Neyse cebrail ''öcü'' dedikten pardon ''oku'' dedikten sonra eve koşar ter döker üstünü örterler biliyorsunuz ve uzun süre vahiy gelmez, bu sessiz dönemin üç ay ile üç yıl arasında olduğu söyleniyor, bu hikayeyi anlatanlar muhammed ve hatice arasındaki ilk diyalogları bile birebir anlatıyorlar ama bu boşluk nekadar sürdü fikirleri bile yok

hemen bu boşluk ile ilgili rivayeti geçelim

Alak Sûresinin ilk âyetleri nâzil olduktan sonra vahiy kesilmişti (fetretü'l-vahy). Rasûlüllah (s.a.s), buna çok üzülmüş ve adeta ne yapacağını şaşırmıştı. Cabir İbn Abdullah (r.a.), vahyin gelmediği o dönemden sözederken Hz. Peygamber (s.a.s)'in şöyle söylediğini rivayet eder:

"Bir gün yolda yürüyordum. Aniden gökten bir ses işittim. Başımı kaldırdığımda, daha önce Hira mağarasında gördüğüm o meleği, yerle gök arasını dolduran bir kürsüde oturur vaziyette gördüm. Dehşete kapılarak, hemen eve döndüm. "Beni örtün, beni örtün"diye bağırıyordum. Evdekiler beni örttüler. Bunun üzerine Allah tarafından bu; "Ey örtünen" ayetiyle başlayan süre nâzil oldu. "
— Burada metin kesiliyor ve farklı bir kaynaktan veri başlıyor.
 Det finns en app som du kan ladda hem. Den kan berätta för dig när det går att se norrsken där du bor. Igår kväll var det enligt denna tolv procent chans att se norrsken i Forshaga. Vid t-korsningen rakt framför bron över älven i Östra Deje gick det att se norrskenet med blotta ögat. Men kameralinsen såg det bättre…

Devasa cebraili kürsüde gördükten sonra yine ''beni örtün beni örtün'' diye koşturup yatağa giriyor (buna bir psikiyatristden yorum almak lazım)
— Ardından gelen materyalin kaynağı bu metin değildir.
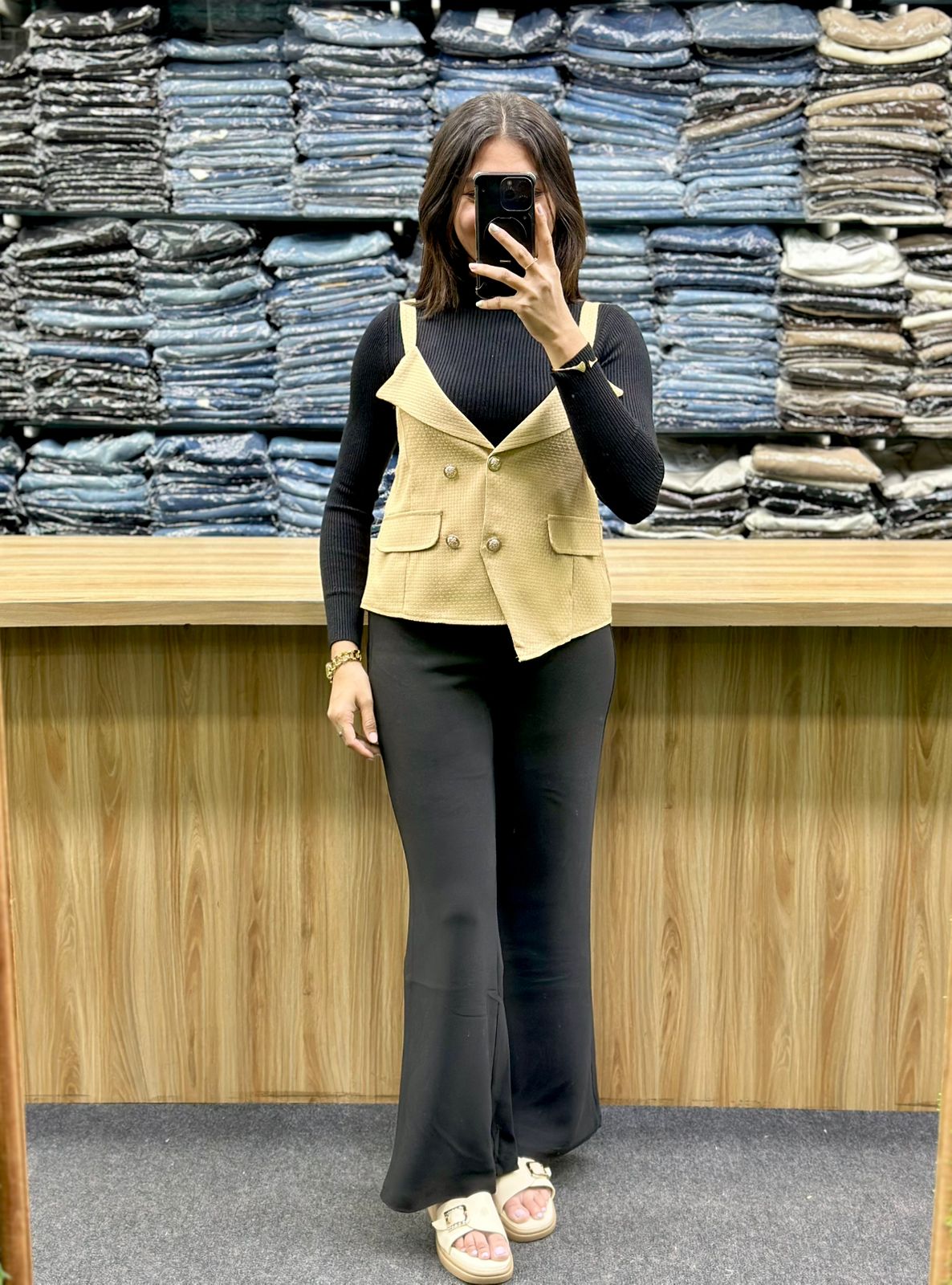 Top: A black, long-sleeve, high-neck top serves as the base layer The outfit is a chic, coordinated ensemble featuring.

Arkasından ikinci vahiy geliyor

Ey! Örtülere bürünen kalk diye devam ediyor.

Şimdi bu üç ay ile üç yıl arasında olduğu tahmin edilen boşluk hakkında fikir yürütelim hep beraber, bana öyle hissettirdiki muhammed bu ilk denemesinde tıpkı sahneye ilk defa çıkan birisi gibi heyecan ve panik yapıp sürdüremeyeceğini düşündü ve uzun süre cesaretini toplamak için bekledi ve aynı tiyatro ''Örtün beni''

Neden bu boşluk sizce ?

Link to post
Sitelerde Paylaş

Bunun sebebi sudur.

mehemet tanriya ben senin postacilik isini goruyorum.

Sende su yasli haticeyi yanina al bana yeni kadinlar ve cariyeler gonder der.

Tanri bu ise pek sicak bakmaz lakin mehemmet pazarligi siki tutar.

Bu aralarindaki pazarlik yaklasik 3 yil surer.

Nitekim anlasma soyle biter.

mememet tanrinin posta islerine yeniden basliyacak.

Tanrida onun yeni postacisi olacak..

Link to post
Sitelerde Paylaş

MUDDESSİR süresini baştan sonuna kadar okumak lazım ki muhammet'in neden örtündüğünü anlamak için.

Örtünmek derken burada gerçektende bir örtünmekten söz edilmediği kanısındayım. O dönemde, örtünmek halk arasında yatmak, uyumak, tembellik etmek, zamanını boşa geçirmek gibi anlamlarda kullanıldığına dair hiç şüphem yok.

Uzay gemisi gördü diye örtünün altına kim saklanır? Aksine değil saklanmak böyle olaylar halk arasında bir'e beş katılarak anlatılır. Buyrun örnekleri Kemal Sunal'ın dahi filmlerinde konu edilmiştir.

Müddesir süresi: 11, 12, 13, 14. Ayetler: Tek olarak yaratıp, kendisine geniş servet ve gözü önünde duran oğullar verdiğim, kendisi için (nimetleri önüne) serdikçe serdiğim o kimseyi bana bırak!

YORUM

Bu ayetten anlaşılıyor ki Muhammet varlıklı bu zata fena şekilde sinirlenmiş ve intikam hırsı ile doludur.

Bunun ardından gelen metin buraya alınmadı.